These relatively modest motor effects differed from the preclinical studies with MPTP (1-methyl-4-phenyl-1,2,3,6-tetrahydropyridine)-treated primates, which unambiguously demonstrated a marked motor benefit. Clearly, further clinical investigation of A2A receptor antagonism is warranted to understand its full potential as a treatment for Parkinson’s disease. An encouraging and consistent finding in the clinical trials of A2A receptor antagonists for Parkinson’s disease is that istradefylline and preladenant had an excellent safety profile138,139. In April 2007, Kyowa Hakko Kirin Pharma filed a new drug application (NDA) for istradefylline for the treatment of advanced Parkinson’s disease; however, the FDA issued a non-approval letter in 2008, citing the need for additional efficacy data. Currently, several Phase IIb and Phase III trials for A2A receptor antagonists (other than istradefylline) are still underway and these agents remain one of the leading non-dopaminergic treatment candidates for Parkinson’s disease141.
Chronic heart failure
Impaired renal function is common in patients with acute heart failure; it directly contributes to deterioration of the heart and is associated with an adverse outcome, including increased mortality. Local adenosine production in the kidney is increased in patients with heart failure as a result of hypoxia caused by reduced renal perfusion and by stimulation with diuretics142. Based on our understanding of the mechanisms associated with renal dysfunction and the demonstrated control of renal function via A1 receptors, A1 receptor antagonists were developed. These antagonists reduced the risk of persistent worsening renal failure by >50% in a Phase IIb study involving 301 patients with acute heart failure, and improved renal plasma flow in 63 ambulatory patients with chronic heart failure143.
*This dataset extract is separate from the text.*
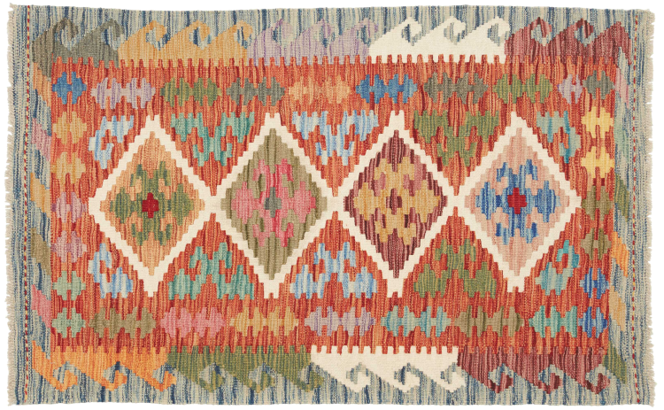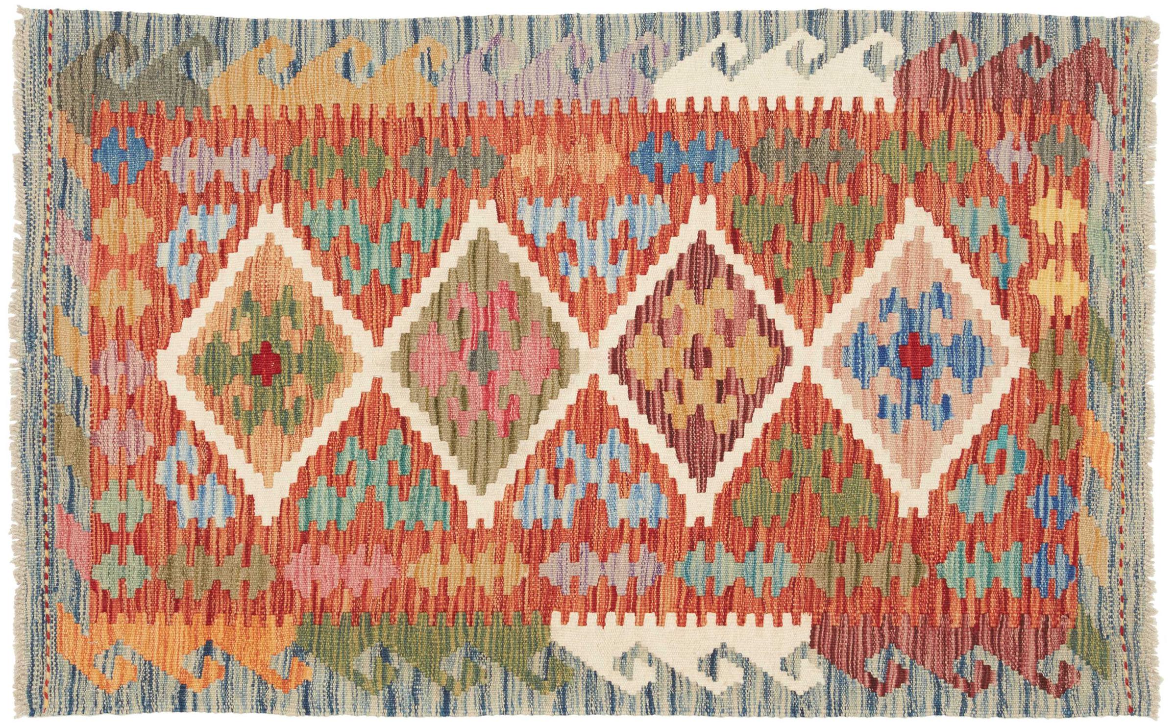 This handwoven Kilim Afghan is a wonderful and unique piece of art. Hard to believe that these modern colours and patterns have already been used centuries ago. This carpet has been woven by hand in old tradition in Afghanistan. It delivers a portion of contemporary history, which you won't find in this specific design a second time. It consists of high-grade natural wool and gives your home a personalised touch.

Based on these promising results, a placebo-controlled, randomized Phase III trial involving 2,033 patients with acute heart failure (the PROTECT study) was carried out with the A1 receptor antagonist rolofylline; this was the largest study to date involving the use of A1 receptor antagonists to target renal function. Unfortunately, the results were disappointing and rolofylline did not prevent persistent worsening renal function21,144. The reason for this absence of renoprotective effects is likely to be due to an enhanced diuretic effect (as evident by more pronounced weight loss) in the rolofylline group, which may have offset the effects of rolofylline on the preservation of renal function22. Moreover, pharmacological and genetic studies have clearly demonstrated that A1 receptors mediate protective effects against ischaemic kidney injury and brain injury, which is consistent with the increased frequency of stroke and seizure activity in clinical trials of A1 receptor antagonists22. Thus, the development of A1 receptor antagonists for the treatment of disorders associated with impaired fluid retention, such as congestive heart failure, should proceed with caution.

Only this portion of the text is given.